For-profit schools have long been a target of the Obama administration’s regulations, mostly for their contribution to the nation’s mounting student debt. (Eighty-eight percent of students at for-profit colleges held student loans in 2012, compared to 66% of public college students and 75% of students who attended private colleges, according to The Institute for College Access and Success.) Last month, the Education Department announced “gainful employment” rules, which base a program’s access to federal loans on whether the estimated annual loan payment of a typical graduate doesn’t exceed 20% of the student’s discretionary income or 8% of total earnings. The Association of Private Sector Colleges and Universities, a trade group representing for-profit schools, promptly sued to strike down the rule, calling it “unlawful, arbitrary, and irrational.”

The gainful employment proposal—if implemented—could eliminate some for-profit programs, but it doesn’t directly address the problem of for-profit colleges targeting veterans and gaining access to their education benefits.

In fact, action aimed at addressing this problem has come in fits and starts, with very few—if any—tangible results.

In April 2012, President Obama issued an executive order to establish so-called Principles of Excellence for educational institutions that serve veterans and their families. The 2014 HELP committee reports that the executive order aimed to obtain federal data to determine if veterans using post-9/11 benefits to attend college are completing degrees and diplomas. Some for-profit schools, like the University of Phoenix, Strayer, Kaplan, and Bridgepoint, have put in place policies directed at improving graduation rates and graduate employment prospects, but none of the other schools receiving the largest amounts of post-9/11 benefits has followed suit.

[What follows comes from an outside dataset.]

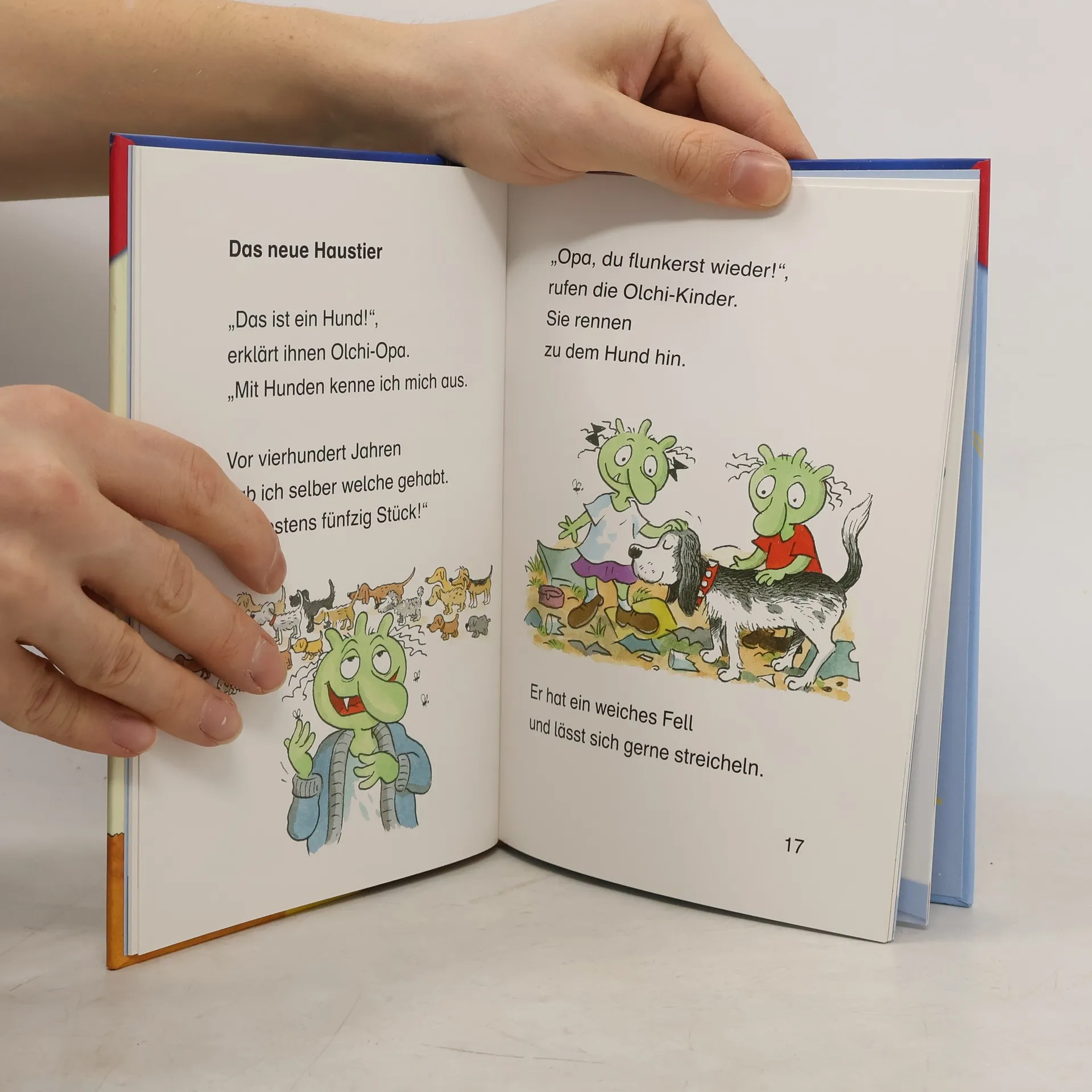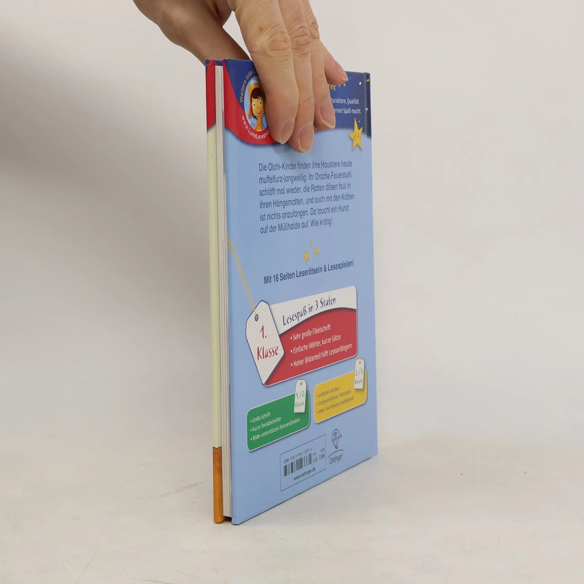 Schleime, Schlamm und Hundedreck! Ein Riesenspaß für Olchifans und Leseanfänger. Die Olchikinder finden ihre Haustiere heute furzlangweilig. Feuerstuhl schläft, die Ratten dösen und die Fliegen fallen tot auf den Boden. Wie krötig, dass gerade jetzt ein Hund auf der Müllhalde auftaucht! Der kann sogar Kunststücke und liebt es, im Dreck zu wühlen! Willkommen in der Welt der Olchis, liebe Leseanfänger der ersten Lesestufe! Lesen lernen mit „Büchersterne“ für die 1. Klasse: sehr große Fibelschrift, einfache Wörter, kurze Sätze und ein hoher Bildanteil für die jüngsten Leseanfänger. Dazu 16 Seiten Leserätsel und Lesespiele im Anhang.

In January 2012, Senator Dick Durbin, a Democrat from Illinois, proposed a bill that would alter the way federal funds are allocated to for-profit colleges, shifting the 90-10 rule to an 85-15 ratio. It would also ensure that GI Bill benefits would count toward for-profit schools’ government aid cap. The bill was reintroduced in November 2013 and remains in committee. The Department of Defense Appropriations Act for fiscal year 2015 included language that would count GI Bill benefits as federal funds where the 90-10 rule is concerned. That Act passed the Senate Appropriations Committee in July but nothing more has come from it.

Noah Black, vice president of communications for APSCU, the for-profit college trade group, told Fortune that the 90-10 rule, even as it stands now, increases the risk of low-income students being denied access to postsecondary education. Black also said that the rule may cause some colleges to discriminate against high-risk students. “The 90-10 rule is not a measure of institutional quality, it is a financial calculation that is a measure of the socioeconomic position of the student population served by an institution,” Black said in a statement.

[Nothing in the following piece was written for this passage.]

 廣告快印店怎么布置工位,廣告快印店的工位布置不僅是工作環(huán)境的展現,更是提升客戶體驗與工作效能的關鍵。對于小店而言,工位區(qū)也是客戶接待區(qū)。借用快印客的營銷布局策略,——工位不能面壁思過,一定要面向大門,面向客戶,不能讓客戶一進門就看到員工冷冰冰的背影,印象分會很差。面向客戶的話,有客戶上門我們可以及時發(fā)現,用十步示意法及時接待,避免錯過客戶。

Meanwhile, Matt Randle, chief operating officer for Student Veterans of America, a coalition of student veteran groups on colleges campuses, told Fortune the “the student veteran population is a canary in the coal mine. It’s not just student veterans who are facing issues because of attending for-profit schools.” The problems that stem from for-profit colleges are most identifiable when “those who serve for our freedoms and beliefs are taken advantage of,” he says.

“Unfortunately, you look at the situation and it’s hard to justify why [change] hasn’t happened,” he says. “There have been members of Congress who have been focused on it, but not the groundswell necessary to [bring] change.”